Tuesday, November 18, 2008

Life is Supposed To Go On...

...but it doesn't. It stands still, and you go numb, and it makes no sense. It physically hits you like a ton bricks and emotionally it feels like your heart has been torn out. Nothing else matters except for that person crying on your shoulder. As tears fall on my keyboard, there's a lump growing in my throat that hasn't gone away since we received unpleasant news yesterday.

I think it was around minute #8 on the treadmill this morning when I realized that I wasn't sweating. What I felt on my cheeks were tears. I truly believe that strength comes from emotion and fear is controlled through that strength. I've learned that valuable lesson many years ago, and it's made me a better person.

I think it was around 7:10 am that I realized I had just gone through an entire workout without feeling anything.

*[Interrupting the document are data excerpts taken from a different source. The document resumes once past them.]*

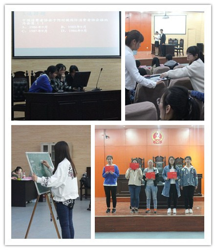 通过初赛,共有8支代表队进入了决赛。决赛分为“知识竞答”、“商品猜猜猜”和“你画我猜”三个环节。在每一个环节中,参赛队伍都认真参与、积极作答,为观众展现了一场激烈的决赛;在有奖竞猜活动中,同学们积极参与,现场气氛活跃。比赛最后,三位评委分别为获奖队伍颁奖,并对比赛做了点评,他们指出此次活动很有实际意义,让同学们学到了很多法律知识,懂得了如何更好地在日常消费中维护自己的权益。
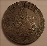 The first care of the new elector was to come to terms with John Frederick, and to strengthen his own hold upon the electoral position. This object was secured by a treaty made at Naumburg in February 1554, when, in return for the grant of Altenburg and other lands, John Frederick recognized Augustus as elector of Saxony. The elector, however, was continually haunted by the fear that the Ernestines would attempt to deprive him of the coveted dignity, and his policy both in Saxony and the wider Holy Roman Empire was coloured by this fear. In imperial politics Augustus acted upon two main principles: to cultivate the friendship of the Habsburgs, and to maintain peace between the contending religious parties. To this policy may be traced his share in bringing about the religious Peace of Augsburg treaty in 1555, his tortuous conduct at the diet of Augsburg eleven years later, and his reluctance to break entirely with the Calvinists.[3] His policy of religious peace was also promoted by the marriage he negotiated between his niece Anna and the then-Catholic Prince of Orange, at the time one of the chief Habsburg vassals in the Netherlands, in 1561. On one occasion only did he waver in his allegiance to the Habsburgs. In 1568 a marriage was arranged between Johann Casimir, son of Frederick III, Elector Palatine, and Elisabeth, Augustus' own daughter. For a time it seemed possible that the Saxon elector would support his son-in-law in his attempts to aid the revolting inhabitants of the Spanish Netherlands. Augustus also entered into communication with the Huguenots; however, his aversion to foreign complications prevailed, and the incipient friendship with the elector Palatine soon gave way to serious dislike. Although a sturdy Lutheran, the elector hoped at one time to unite the Protestants. He continually urged them to consider the necessity of giving no cause of offence to their opponents, and he favoured the movement to get rid of the clause in the Peace of Augsburg concerning ecclesiastical reservation, which was offensive to many Protestants. His moderation, however, prevented him from joining those who were prepared to take strong measures to attain this end, and he refused to jeopardize the concessions already won.[3]
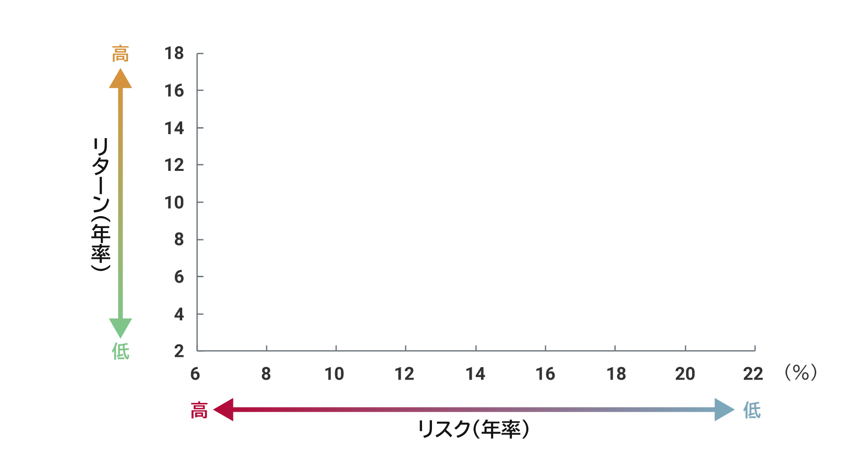 ※当シミュレーションは、シミュレーションに基づく参考表示による情報提供を目的としているものであり、投資勧誘を目的とするものではありません。上記は、一定の前提のもとで計算したシミュレーションであり、実際のパフォーマンスとは異なります。数値は過去の実績及び架空の前提条件をもとに計算したものであり、将来の運用成果を保証するものではありません。

I wasn't into it, I wasn't aware of my surroundings, and the person I saw in the mirror was hurting more and more as the morning went on. I had to leave early, I had to sit in my truck, alone in a parking lot, to let my emotions escape their trap. I thought it would set me free, and I thought it would instantly heal me from the inside out.

But, it doesn't. I need to let the healing begin, I wish it would begin, I can't make it begin, and it doesn't seem fair. I realize that I'm not alone. I've never been alone, and I shouldn't feel like I'm alone. I don't understand Why this happened, and I don't need to understand Why right now. I just need to be there for her. Everything else is a distant 2nd place.

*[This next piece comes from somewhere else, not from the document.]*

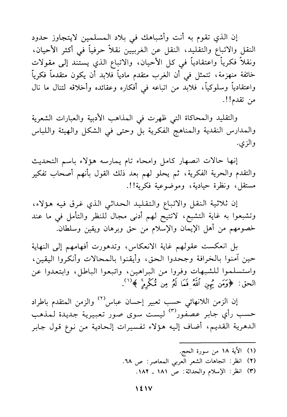 (¬٣) انظر: الإسلام والحداثة: ص ١٨١ - ١٨٢.
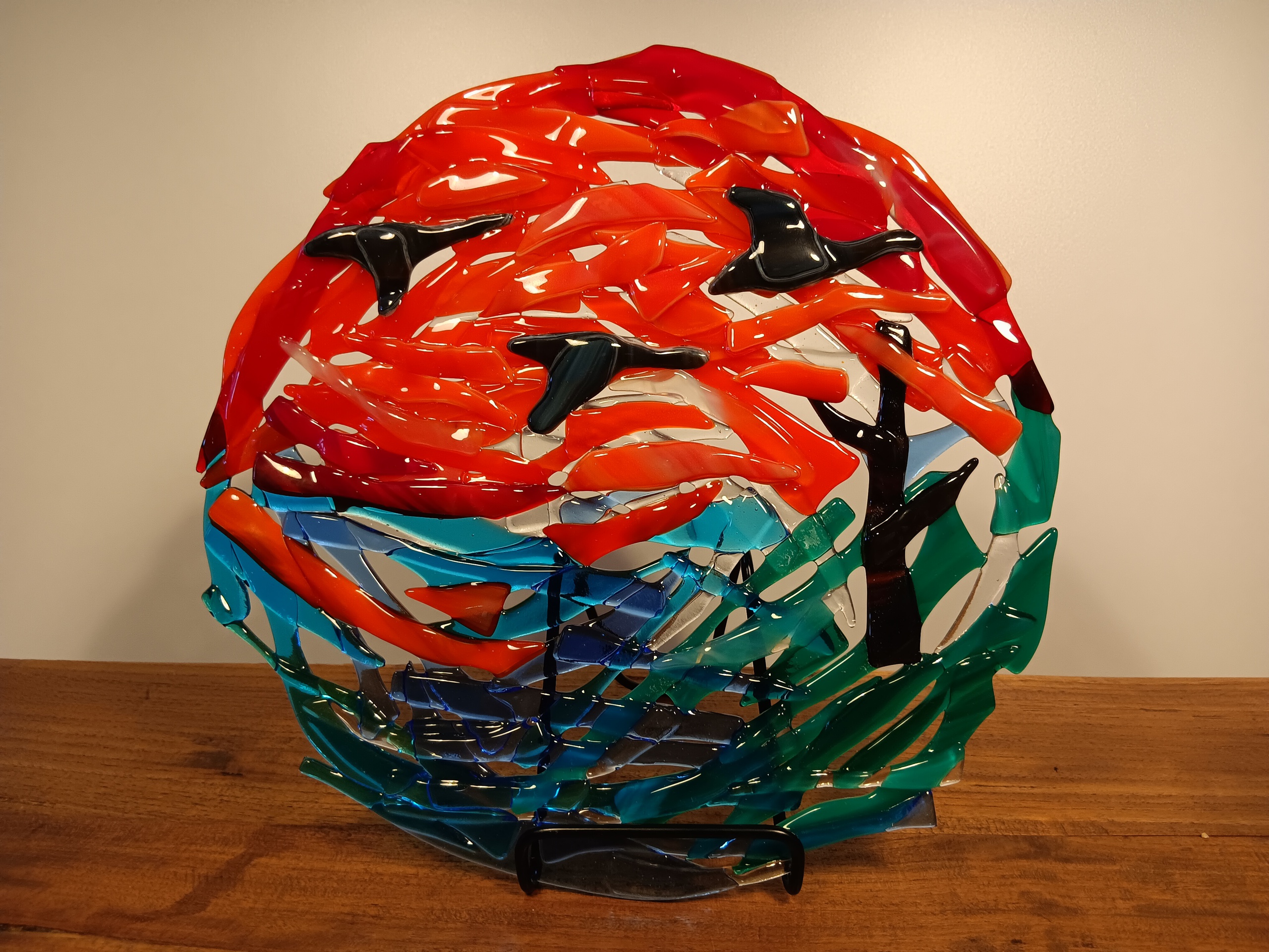 Follow me, follow you - Het is weer zover: de ganzen zijn in beweging. Gelukkig heeft Ed de trek van deze drie vastgelegd met behulp van gefused glas. Hier zijn de ganzen versmolten in kleuren op een avond dat de zon op zijn mooist was en het gekleurde glas dat is gebruikt brengt dit alles samen.

The only priority for me is to take the pain away from her. I want to bear the burden of pain for both of us. I can't stand to look in her eyes and realize that she's going through the same thing as me. I want to save her from it, I want to shield her, I want to carry the weight of the world on my shoulders, and it's impossible for me to reach the realization that I can't do that.

I know deep down, through all the struggles and agony, that all hope is not lost. It can't be taken away from us. We've come too far to give up now. We can't be stopped in our pursuit. We can and will hit bumps along the way and we can handle it once bump at a time. We will add to our family someday, I just can't tell you when, and it doesn't matter when. I want you to realize that we've already found completeness in each other.

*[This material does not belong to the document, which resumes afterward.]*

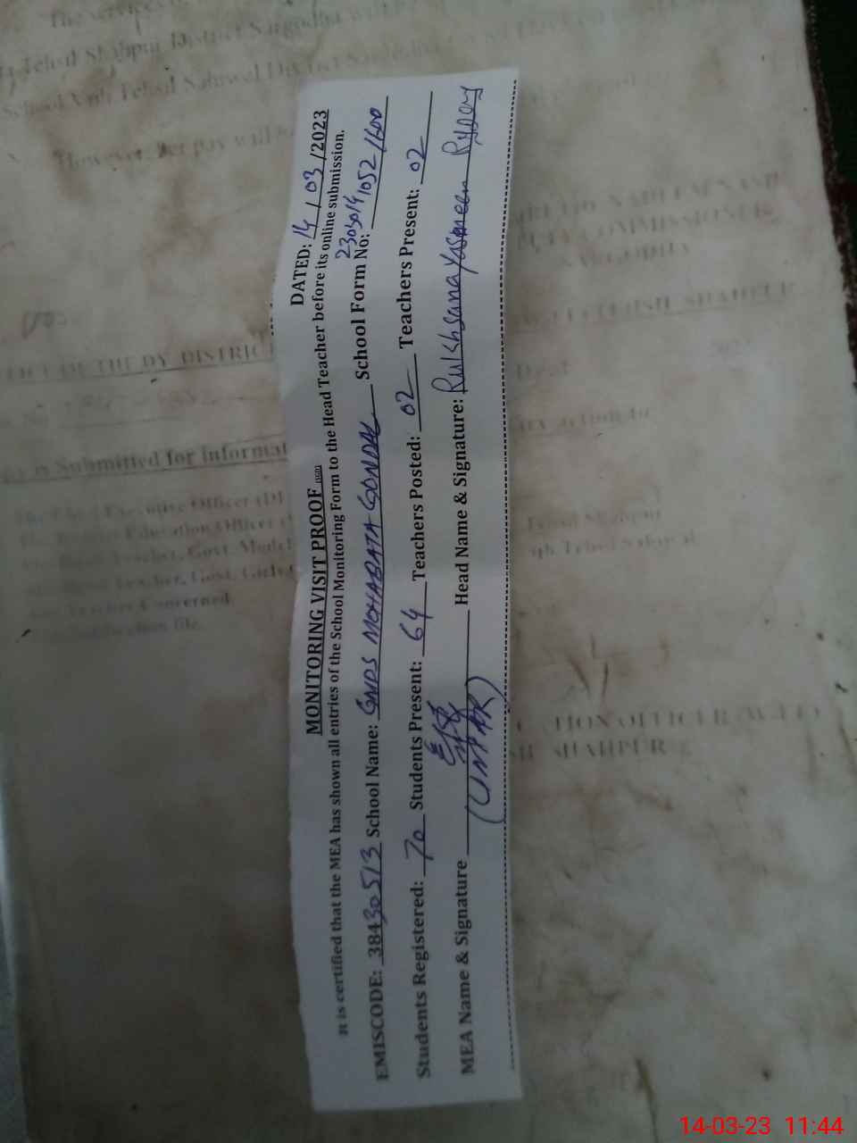 | EMIS Code: 38430513 | Name of School: GMPS MOHABTA GONDAL | |||

The calls and emails continue to pour in for us. Our giant support network of family and friends offer up condolences. "I'm sorry" is the only thing that can be said. I understand that. There are no words that can express how deeply hurtful this experience is. But, we do the best we can, and I want you to know that we are grateful for each and every one of you. We are truly blessed, and I feel lucky to be sharing my life with you.